On the water, OneWorld skipper Peter Gilmour said that the team had made significant improvements to alternate boat USA-65 and have shifted them to USA-67.

"We knew that 65 was going to be a test bed. Whatever we did, we'd take the decisions to 67," said Gilmour. "A couple of the subtleties in the difference of the set up are working better on 67 at the moment."

Given the extenuating circumstances Alinghi, OneWorld and Prada are facing, Oracle BMW enters the semis as the most settled team. They also enter the round on the longest winning streak.

Oracle BMW Racing hasn't lost since impetuous syndicate chief Ellison brought skipper Chris Dickson back into the fold. Dickson organised an unsettled afterguard and the team hasn't lost since Oct. 23, a string of 11 races.

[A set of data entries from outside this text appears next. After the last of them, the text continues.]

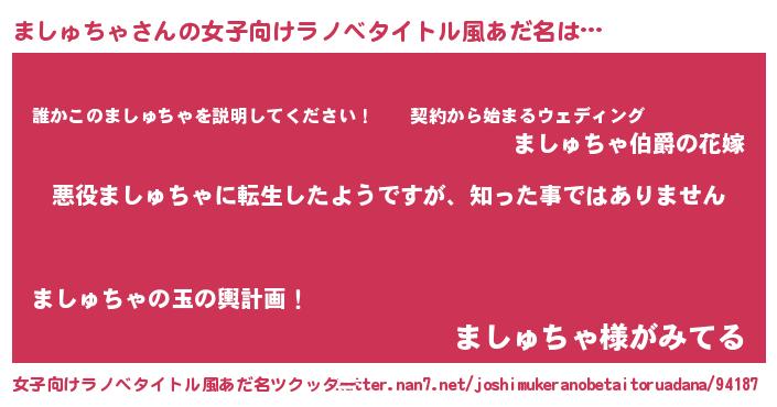 | 胡散臭い通販商品みたいなあだ名 | 『あなたにだけ特別に提供する限定10本のレアな日本酒…その名も「ましゅちゃ」』 |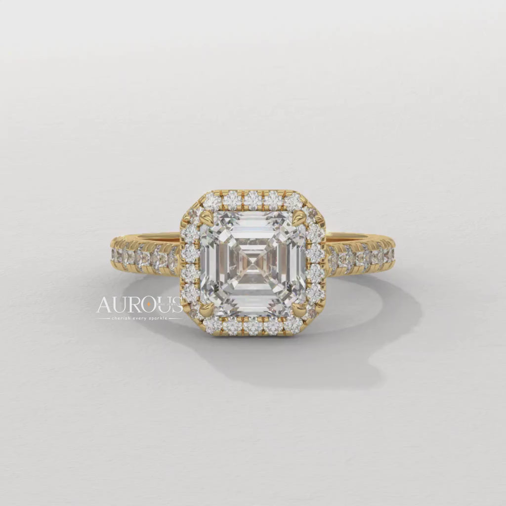 1.0CT Asscher Cut Diamond Halo Setting Moissanite Engagement Ring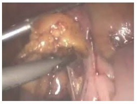 Si el apéndice estuviera groseramente inflamado, se puede reemplazar para una fácil extracción por el trócar de Góëtz, de 20 mm.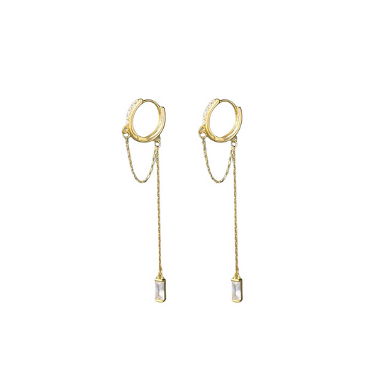 ANYCO Fashion Earrings Gold 925 Sterling Silver Tassel Chain Square Zircon Ear Buckle for Women Jewelry Accessories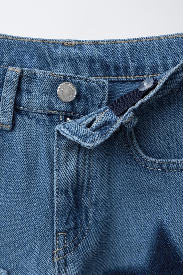 Wide-leg jeans with an adjustable inner waistband and a front button fastening. Featuring front pockets and patch pockets on the back. Star patch appliqué.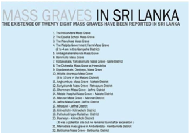 Sri Lanka is a place where very many mass graves have been discovered as shown in the illustration which mentions 22 sites where mass graves have been discovered. Since the publication of this map, few more places have been added to this list.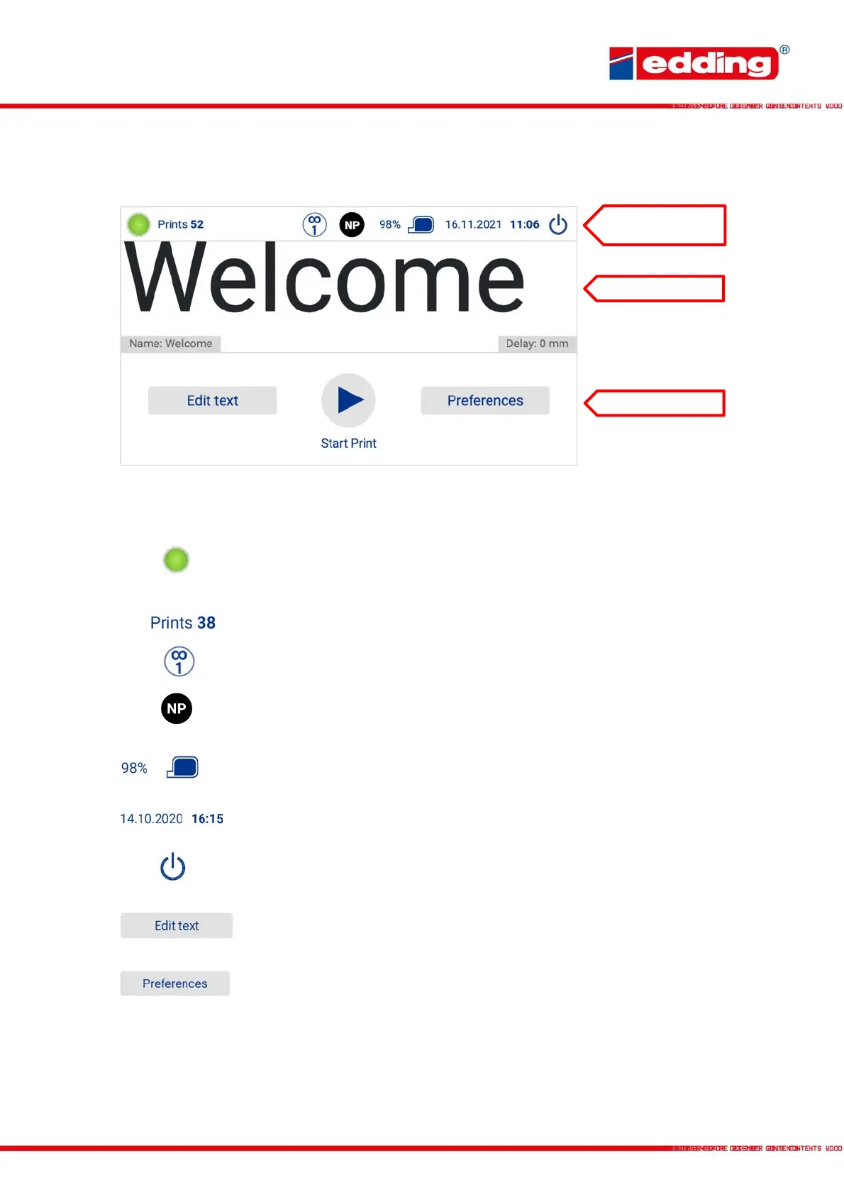Remaining volume of current cartridge in %. From <10% the warning “low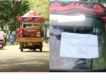 ഗിരീഷ് എന്ന ഓട്ടോ ഡ്രൈവറാണ് തന്റെ വാഹനത്തിന് മുന്നിൽ സ്റ്റിക്കർ പതിച്ചത്. ഇന്ന് ഞായറാഴ്ച്ചയായതിനാൽ എത്തുന്ന സന്ദർശകരുടെ എണ്ണവും കൂടി. ഇന്ന് മാത്രം തനിക്ക് 1200 രൂപയുടെ ഓട്ടം കിട്ടിയെന്നാണ് ഗിരീഷ് പറയുന്നത്.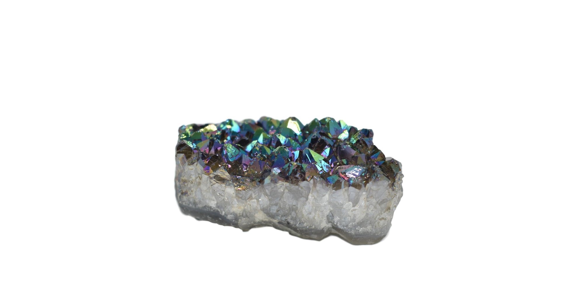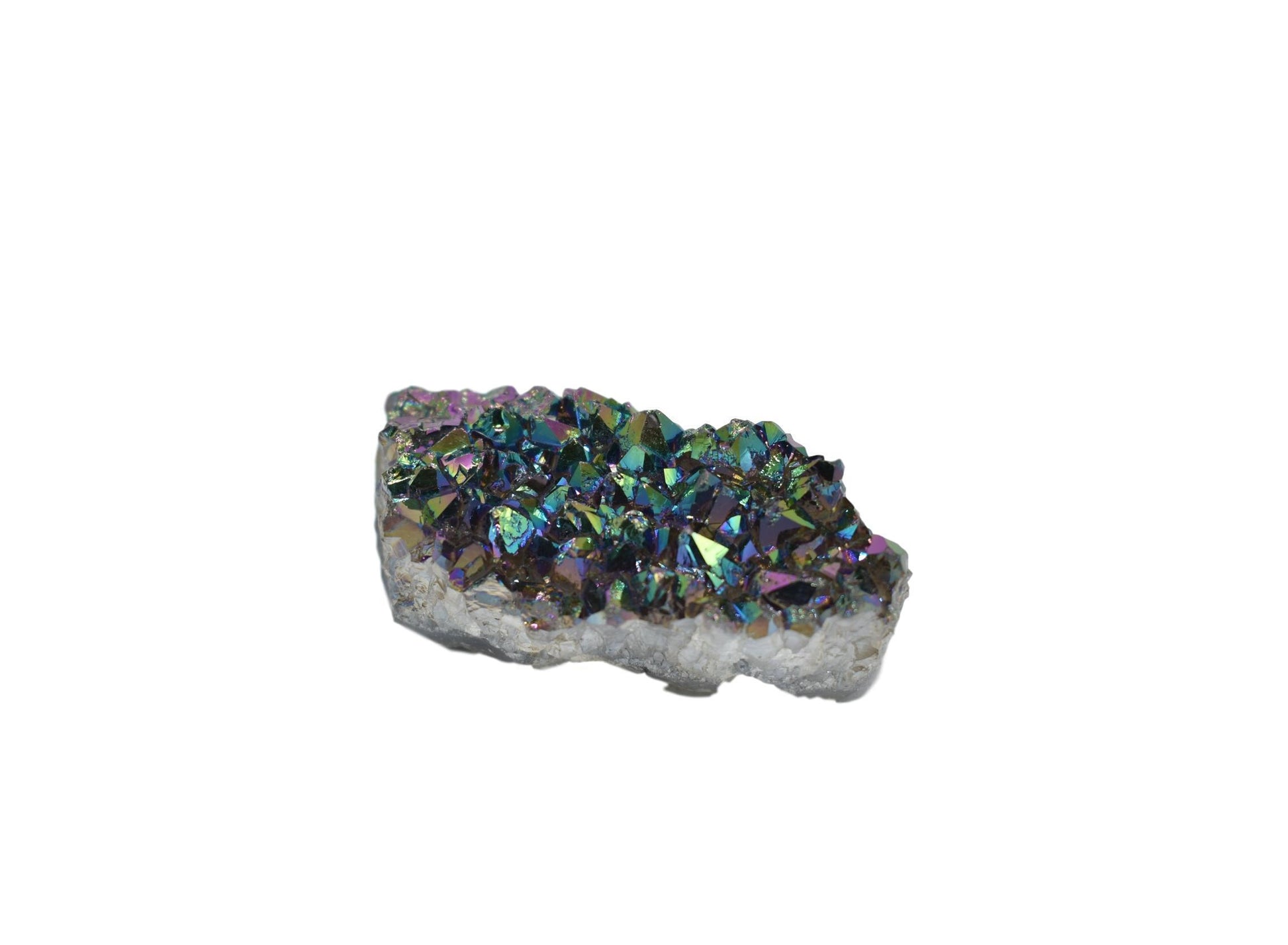 This amethyst is coated in metal that gives off a vibrant luster. This small metalized amethyst specimen makes for a brilliant statement piece in your home, helping to create balance and harmony. An eye-catching piece that is sure to make a statement and is the perfect addition to your gemstone collection.

Their match against Alinghi should feature some fireworks, given that Dickson will be going against Coutts. The fiery Kiwis were briefly part of New Zealand's first Cup challenge team in 1987, before Coutts left to return to university.

They know each other well from plenty of encounters on the match-race tour. While Coutts is always at the helm of SUI-64, Dickson wouldn't say whether he or helmsman Peter Holmberg will be at the wheel of USA-76.

He said that decision will be made on a daily basis, a familiar refrain he has echoed since becoming the skipper.

"We know that Alinghi's the top boat. They've won more races than all of us and Russell's the defending champion," Dickson said. "They're going to be very tough. We can just hope that our act is good enough to give them a run for their money on Monday."

Each match is a best-of-seven. The first warning signal is scheduled for 1:05 pm. Tomorrow's forecast calls for southwesterly winds between 16 and 20 knots.